I am not responsible for the rights and wrongs of the world.
Also, I’m not responsible for what my Country’s government does. Or anyone else for that matter.
Right and wrong — such an interesting idea and concept. Probably our least investigated belief system and yet is likely one of the most affecting when it comes to our lives and our well-being. Nothing else has quite the punch to the choices we make than how we perceive right and wrong.
We humans absolutely pride ourselves on “knowing right from wrong.” We teach it to our children. Someone who doesn’t know right from wrong is a psychopath.
Right and wrong seems like such a simple concept.
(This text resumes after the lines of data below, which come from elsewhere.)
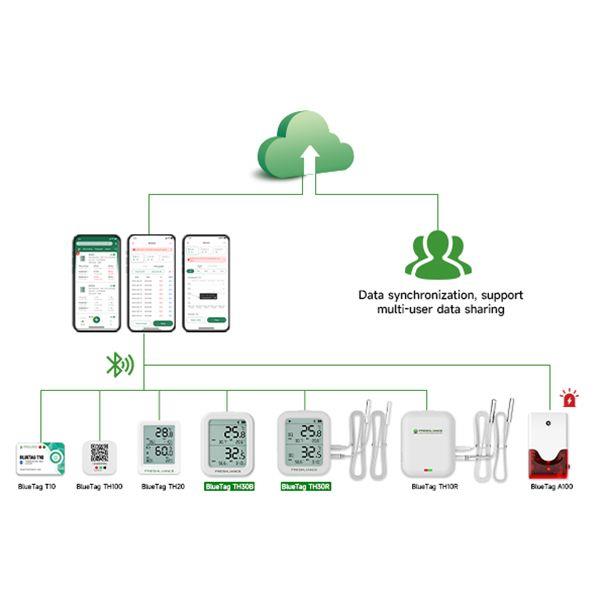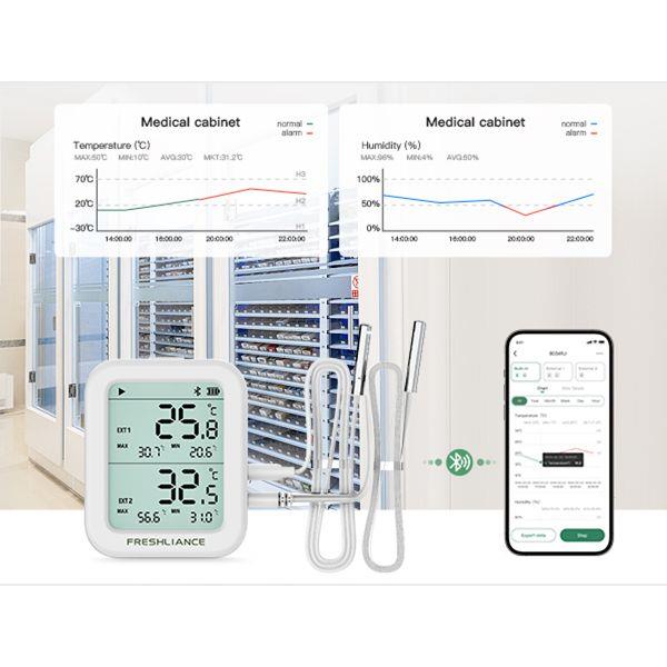 BlueTag TH30 is a multi-use temperature and humidity data logger based on Bluetooth wireless communication technology, convenient for users to read and get the report by APP. The device can be optionally set with one or two external probes. It is ideal in freezer, medicine cabinet, wine cellar, warehouse, greenhouse, laboratory, supermarket, incubator, refrigerator car and other scenarios where accessibility and mobility are crucial.
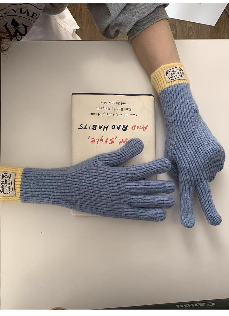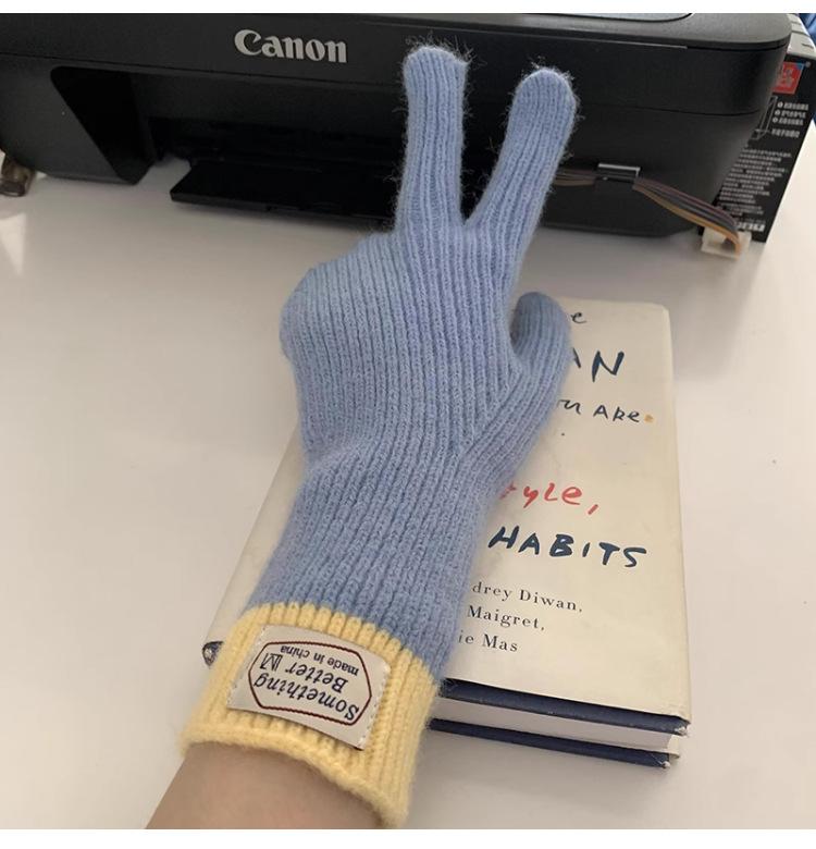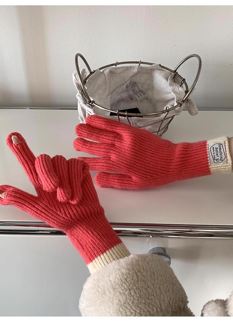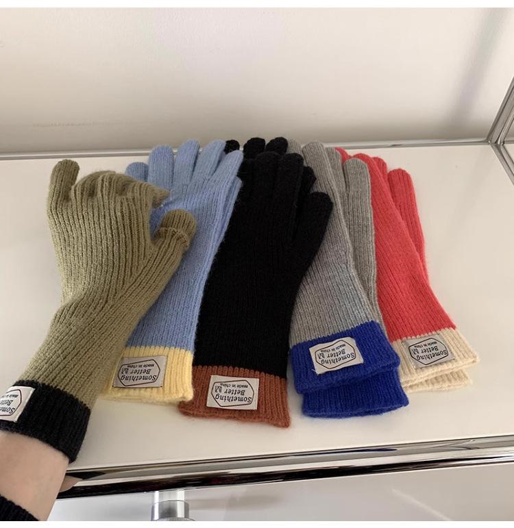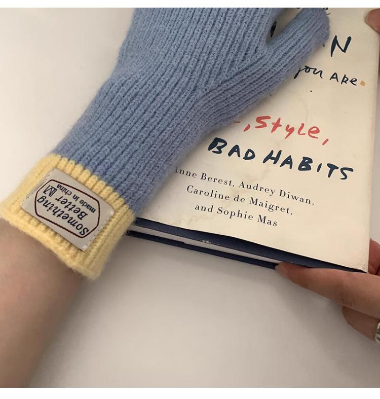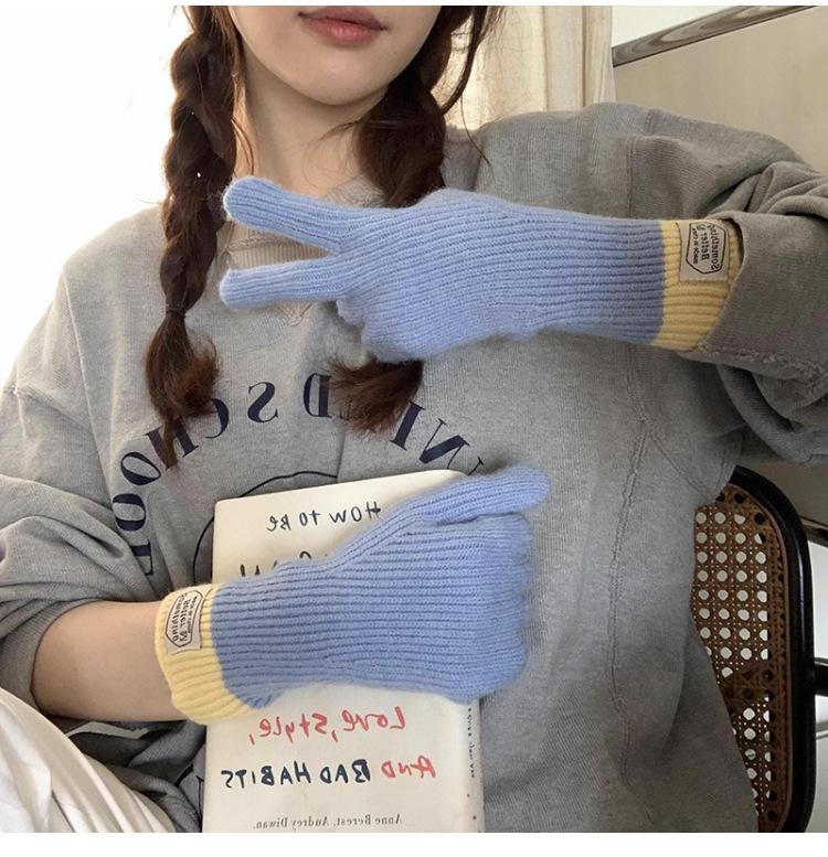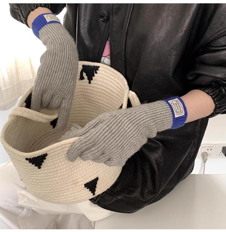 Guantes de punto cálidos para mujer, con dedos separados, para ciclismo, con pantalla táctil, estilo coreano, resistentes al frío, largos, de lana para invierno.
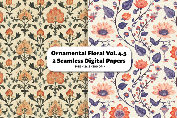 Ornamental Floral Seamless Digital Paper Vol.4.5, 2 PNG
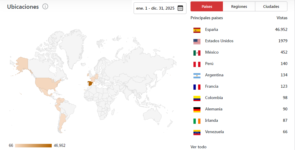 - En total son 73 países que han visitado la Web en 2025. El 90% de los visitantes son de España como es de esperar. A este se unen numerosos países hispanohablantes que representan el 4% de las visitas.
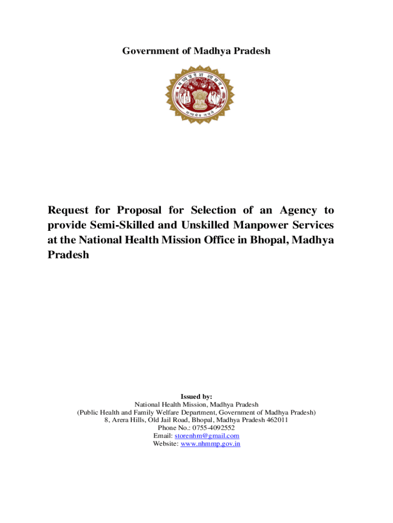 Government of Madhya PradeshRequest for Proposal for Selection of an Agency to provide Semiskilled and Unskilled Manpower Services at the National Health Mission Office in Bhopal, Madhya PradeshIssued
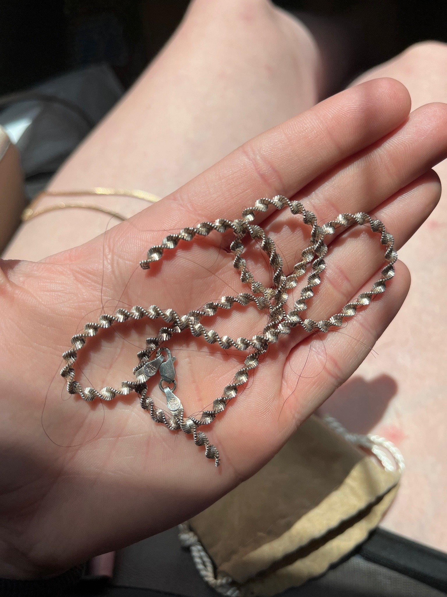 This item is a contemporary sterling silver necklace featuring a distinctive twisted helix or 'screw' link construction. The chain is approximately 2mm to 3mm in width, exhibiting a high-polish finish that creates a rhythmic, sparkling light reflection across its coiled surface. Based on the provided markings of '925' and 'ITALY,' the piece is composed of 92.5% pure silver, a hallmark of quality Italian jewelry manufacturing known for precision machine-work and high-grade finishing. The necklace is secured with a standard lobster claw clasp, which is attached via hallmarked end caps/tags. The construction shows a tight, consistent spiral pattern throughout the length of the strand. In terms of condition, the silver appears bright with minimal surface oxidation or tarnish, though there is visible debris in the form of human hair intertwined with the links, which is common for this high-friction 'twist' style of chain. The clasp mechanism appears functional. The style is typical of late 20th-century to early 21st-century Italian fashion jewelry, designed for both durability and aesthetic brilliance. The craftsmanship is indicated by the uniformity of the machine-twisted links and the integration of professional-grade findings.
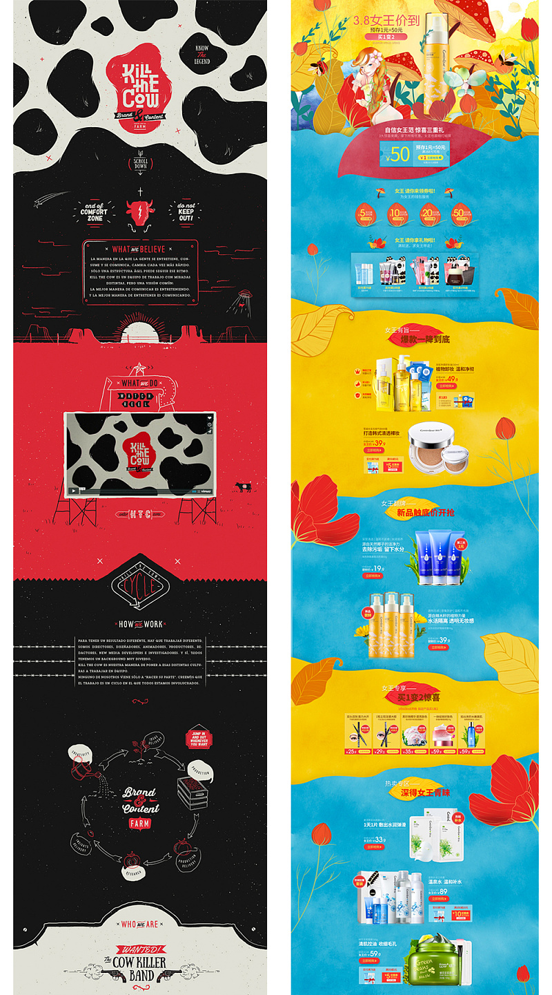 在一些比較俏皮的手繪畫面里,紅色既可以作為大面積背景色來包容五彩斑斕的多彩色,如左邊所示;也可以以非常小面積的點綴色出現,用來突出強調某個重要信息,比如價格啊/利益點啊/特殊說明文字啊之類的。

Either/or, yes or no, black or white.
There is an unwritten agreement between civilized people as to the question of right or wrong. “Decent” people all agree on what is right and what is wrong.
If you were to say right and wrong is an absolute, you would be absolutely right. And if you said right or wrong is completely subjective you could possibly be wrong. At least according to the people who’s job it is to be right.
For centuries the gold standard for right and wrong has been our religious texts: the Ten Commandments, the Bible, the Quran, the Torah, the Vedas, teachings of Buddha. Maybe it’s not such a simple task to divine right and wrong. Perhaps we’ve had it wrong all along. It seems right and wrong is relatively subjective depending on a number of things, and depending upon what our influences are.
And few things in life, particularly concepts, can claim jurisdiction over our choices more than right and wrong. Right and wrong reflects the dualistic nature of our environment, our reality. The yin/yang of physical life. Zeroes and ones, on and off, simple to teach and learn.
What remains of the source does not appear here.